Records from a data collection
_ _ _ _ _ _ _

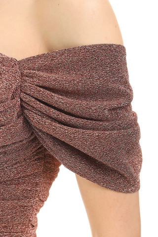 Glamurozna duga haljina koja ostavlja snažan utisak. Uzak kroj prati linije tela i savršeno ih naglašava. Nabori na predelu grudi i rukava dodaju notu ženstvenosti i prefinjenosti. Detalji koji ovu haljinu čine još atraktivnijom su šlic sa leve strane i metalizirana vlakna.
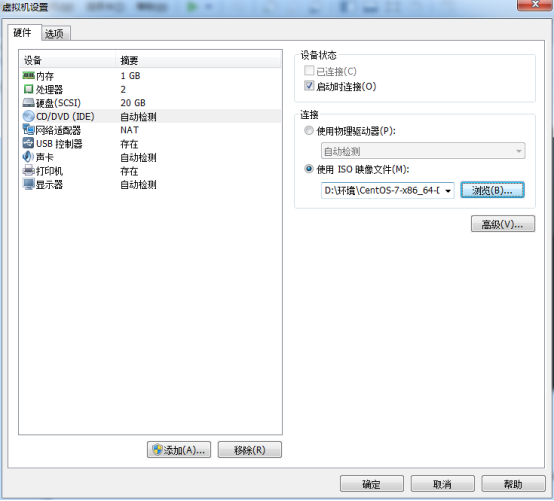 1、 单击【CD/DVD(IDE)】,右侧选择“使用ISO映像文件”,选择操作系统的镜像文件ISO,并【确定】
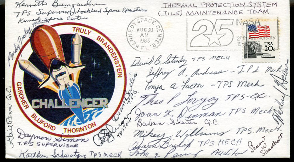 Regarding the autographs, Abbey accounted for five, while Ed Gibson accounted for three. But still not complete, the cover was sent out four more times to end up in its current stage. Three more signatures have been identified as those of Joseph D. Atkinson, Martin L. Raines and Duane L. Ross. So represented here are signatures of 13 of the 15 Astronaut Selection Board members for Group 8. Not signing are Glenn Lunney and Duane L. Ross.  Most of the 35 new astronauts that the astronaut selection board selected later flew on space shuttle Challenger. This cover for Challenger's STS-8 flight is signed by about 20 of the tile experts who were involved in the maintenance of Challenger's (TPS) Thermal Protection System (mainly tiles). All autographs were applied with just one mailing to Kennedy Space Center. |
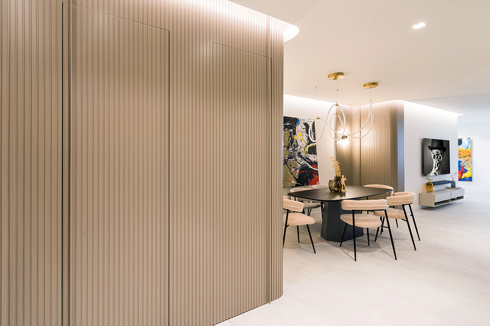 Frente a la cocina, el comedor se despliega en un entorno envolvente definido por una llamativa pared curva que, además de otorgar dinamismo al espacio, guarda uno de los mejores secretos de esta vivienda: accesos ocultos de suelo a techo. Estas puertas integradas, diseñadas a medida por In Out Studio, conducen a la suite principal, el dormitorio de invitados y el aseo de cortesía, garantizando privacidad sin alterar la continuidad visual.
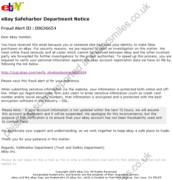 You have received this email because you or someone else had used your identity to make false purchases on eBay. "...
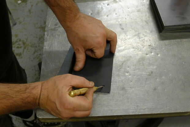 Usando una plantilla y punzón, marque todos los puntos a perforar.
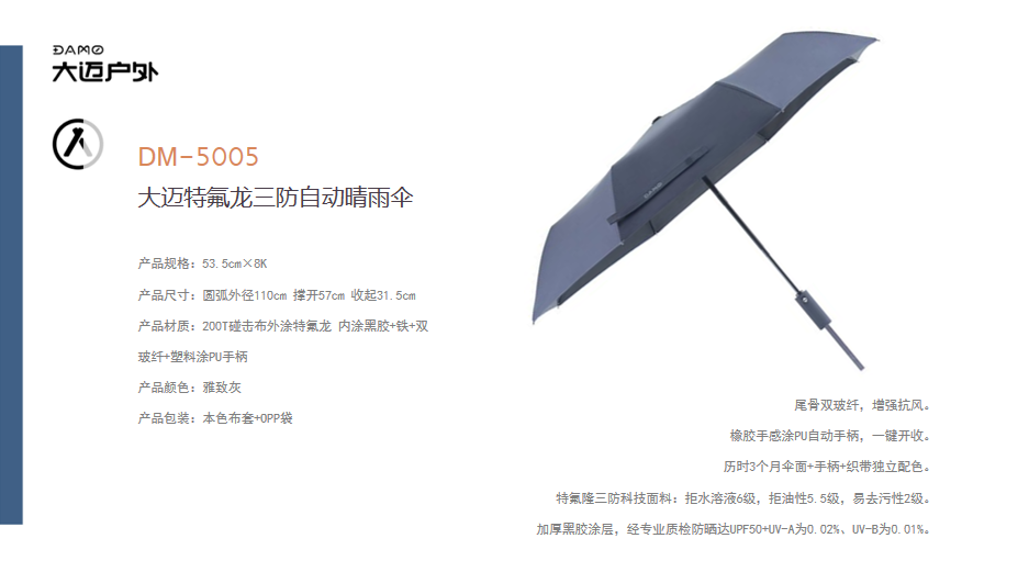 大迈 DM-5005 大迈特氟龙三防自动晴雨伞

_ _ _ _ _ _ _

Reproduce the records above exactly, excluding every picture.

• Expected answer:
 Glamurozna duga haljina koja ostavlja snažan utisak. Uzak kroj prati linije tela i savršeno ih naglašava. Nabori na predelu grudi i rukava dodaju notu ženstvenosti i prefinjenosti. Detalji koji ovu haljinu čine još atraktivnijom su šlic sa leve strane i metalizirana vlakna.
 1、 单击【CD/DVD(IDE)】,右侧选择“使用ISO映像文件”,选择操作系统的镜像文件ISO,并【确定】
 Regarding the autographs, Abbey accounted for five, while Ed Gibson accounted for three. But still not complete, the cover was sent out four more times to end up in its current stage. Three more signatures have been identified as those of Joseph D. Atkinson, Martin L. Raines and Duane L. Ross. So represented here are signatures of 13 of the 15 Astronaut Selection Board members for Group 8. Not signing are Glenn Lunney and Duane L. Ross.  Most of the 35 new astronauts that the astronaut selection board selected later flew on space shuttle Challenger. This cover for Challenger's STS-8 flight is signed by about 20 of the tile experts who were involved in the maintenance of Challenger's (TPS) Thermal Protection System (mainly tiles). All autographs were applied with just one mailing to Kennedy Space Center. |
 Frente a la cocina, el comedor se despliega en un entorno envolvente definido por una llamativa pared curva que, además de otorgar dinamismo al espacio, guarda uno de los mejores secretos de esta vivienda: accesos ocultos de suelo a techo. Estas puertas integradas, diseñadas a medida por In Out Studio, conducen a la suite principal, el dormitorio de invitados y el aseo de cortesía, garantizando privacidad sin alterar la continuidad visual.
 You have received this email because you or someone else had used your identity to make false purchases on eBay. "...
 Usando una plantilla y punzón, marque todos los puntos a perforar.
 大迈 DM-5005 大迈特氟龙三防自动晴雨伞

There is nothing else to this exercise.